Apr. 23 The Holy, Glorious, and Victorious Great Martyr George the Wonderworker

Bulletin as of April 22 2026

The holy great martyr George the Victory-bearer was a native of Cappadocia (a district in Asia Minor), and he grew up in a deeply believing Christian family. When he became a man, St. George entered into the service of the Roman army. He was handsome, brave and valiant in battle, and came to be noticed by the emperor Diocletian (284-305) and joined the imperial guard with the rank of comites, or military commander. Following the advice of the Senate at Nicodemedia, Diocletian gave all his governors full freedom in their court proceedings against Christians, and he promised them his full support. St. George, when he heard the decision of the emperor, distributed all his wealth to the poor, freed his servants, and then appeared in the Senate. The brave soldier of Christ spoke out openly against the emperor’s designs. He confessed himself a Christian, and appealed to all to acknowledge Christ: “I am a servant of Christ, my God, and trusting Him, I have come among you voluntarily, to bear witness concerning the Truth.” After many tortures and miraculous reprieves, St. George was finally beheaded after revealing the Truth of Christ to many, including the Empress Alexandra, who was martyred with him in the year 303.

 

Troparion

You fought the good fight with faith, O George, a martyr of Christ. You exposed the perversion of the persecutors and offered an acceptable sacrifice to God. Therefore, you also received a crown of victory and through your prayers, O holy one, obtained the forgiveness of sins for all. 

Kontakion

Reared by God, you were a noble sower of piety, harvesting sheaves of virtue. You sowed in tears but reaped in joy; and having honorably fought and given your blood, you were received by Christ. Through your prayers, O holy one, obtain the forgiveness of sins for all. 

 

Readings for the saint

Epistle

Acts 12: 1-11

In those days King Herod started to harass some of the members of the church. He beheaded James the brother of John, and when he saw that this pleased certain Jews, he took Peter into custody too. During the Feast of Unleavened Bread he had Peter arrested and thrown into prison with four squads of soldiers to guard him. Herod intended to bring him before the people after the Passover. Peter was thus detained in prison, while the church prayed fervently to God on his behalf. During the night before Herod was to bring him to trial, Peter was sleeping between two soldiers, fastened in double chains, while guards kept watch at the door. Suddenly an angel of the Lord stood nearby and light shone in the cell. He tapped Peter on the side and woke him. “Hurry, get up!” the angel said. With that, the chains dropped from Peter’s wrists. The angel said, “Put on your belt and your sandals!” This Peter did. Then the angel told him, “Now put on your cloak and follow me.”

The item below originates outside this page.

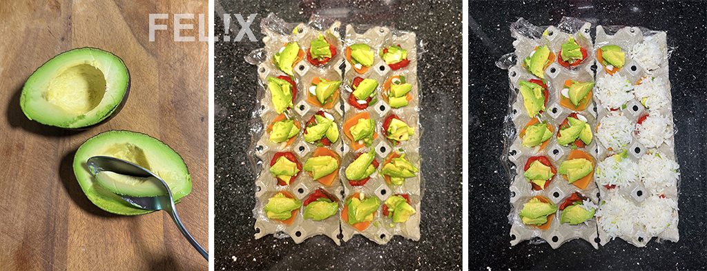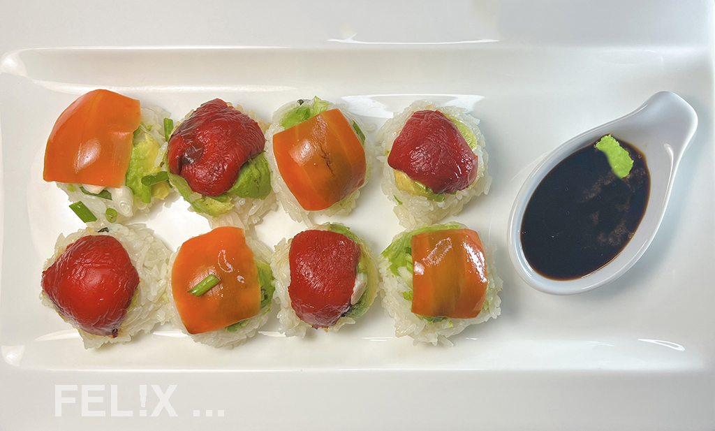 Und für einmal kommen diese «fake Sushi» auch ganz vegan daher: anstelle von Fisch oder Garnelen sind sie mit Gemüsepaprika und Karottenscheibchen belegt!

Peter followed the angel out, but with no clear realization that this was taking place through the angel’s help. The whole thing seemed to him a mirage. They passed the first guard, then the second, and finally came to the iron gate leading out to the city, which opened for them of itself. They emerged and made their way down a narrow alley, when suddenly the angel left him. Peter had recovered his senses by this time, and said, “Now I know for certain that the Lord has sent his angel to rescue me from Herod’s clutches and from all the Jews hoped for.”

 

Gospel 

John 15: 17-27, 16: 1-2

The Lord said to his disciples: “The command I give you is this, that you love one another. If you find that the world hates you, know that it has hated me before you. If you belonged to the world, it would love you as its own; the reason it hates you is that you do not belong to the world. But I chose you out of the world. Remember what I told you: no slave is greater than his master. They will harry you as they harried me. They will respect your words as much as they respected mine. All this they will do to you because of my name, for they know nothing of him who sent me. If I had not come to them and spoken to them, they would no be guilty of sin; now, however, their sin cannot be excused. 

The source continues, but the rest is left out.